SQL QUERY with GROUP BY :
select loan0_.col_0_0_,
loan0_.col_1_0_,
loan0_.col_2_0_,
loan0_.col_3_0_,
loan0_.col_4_0_,
loan0_.col_5_0_,
dsastatus2_.col_6_0_,
dsastatus2_.col_7_0_,
dsastatus2_.col_8_0_
FROM loan0_
cross join user1_
cross join dsastatus2_
where loan0_.L_USER_ID=user1_.U_GUID
and loan0_.L_LEADSOURCE='DSA'
and (loan0_.L_SUB_STATUS_ID=dsastatus2_.ADMIN_STATUS_ID
or loan0_.L_STATUS_ID=dsastatus2_.ADMIN_STATUS_ID)
and user1_.U_REFID='dsa001'
and (loan0_.L_APPLICATION_ID like 'LAI-100003662')
GROUP BY col_0_0_ ;

To answer the questions directly::
1) Why does GROUP BY only give me the first row and not the second row from the original dataset?
Because that's the way the MSQL engine works. Read the docs. "the server is free to choose any value from each group (not in the group by), so unless they are the same, the values chosen are indeterminate"
2) How does GROUP BY actually work in this scenario?
See above
MySQL extended Group by direct quote from docs:
https://dev.mysql.com/doc/refman/5.7/en/group-by-handling.html
SQL99 and later permits such nonaggregates per optional feature T301 if they are functionally dependent on GROUP BY columns: If such a relationship exists between name and custid, the query is legal.
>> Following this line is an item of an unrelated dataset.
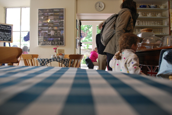This looks to be a scene from a restaurant that has blue checkerboard table clothes.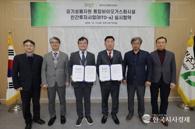 한국시사경제 오영주 기자 | 청주시는 청주공공하수처리시설에 유기성폐자원 통합바이오가스화시설을 건축하는 사업 추진을 위해 12일 사업시행자인 (가칭)청주더그린에너지주식회사와 실시협약을 체결했다.

This would be the case, for example, were custid a primary key of customers.
MySQL 5.7.5 and up implements detection of functional dependence. If the ONLY_FULL_GROUP_BY SQL mode is enabled (which it is by default), MySQL rejects queries for which the select list, HAVING condition, or ORDER BY list refer to nonaggregated columns that are neither named in the GROUP BY clause nor are functionally dependent on them. (Before 5.7.5, MySQL does not detect functional dependency and ONLY_FULL_GROUP_BY is not enabled by default. For a description of pre-5.7.5 behavior, see the MySQL 5.6 Reference Manual.)
If ONLY_FULL_GROUP_BY is disabled, a MySQL extension to the standard SQL use of GROUP BY permits the select list, HAVING condition, or ORDER BY list to refer to nonaggregated columns even if the columns are not functionally dependent on GROUP BY columns. This causes MySQL to accept the preceding query. In this case, the server is free to choose any value from each group, so unless they are the same, the values chosen are indeterminate, which is probably not what you want. Furthermore, the selection of values from each group cannot be influenced by adding an ORDER BY clause. Result set sorting occurs after values have been chosen, and ORDER BY does not affect which value within each group the server chooses. Disabling ONLY_FULL_GROUP_BY is useful primarily when you know that, due to some property of the data, all values in each nonaggregated column not named in the GROUP BY are the same for each group.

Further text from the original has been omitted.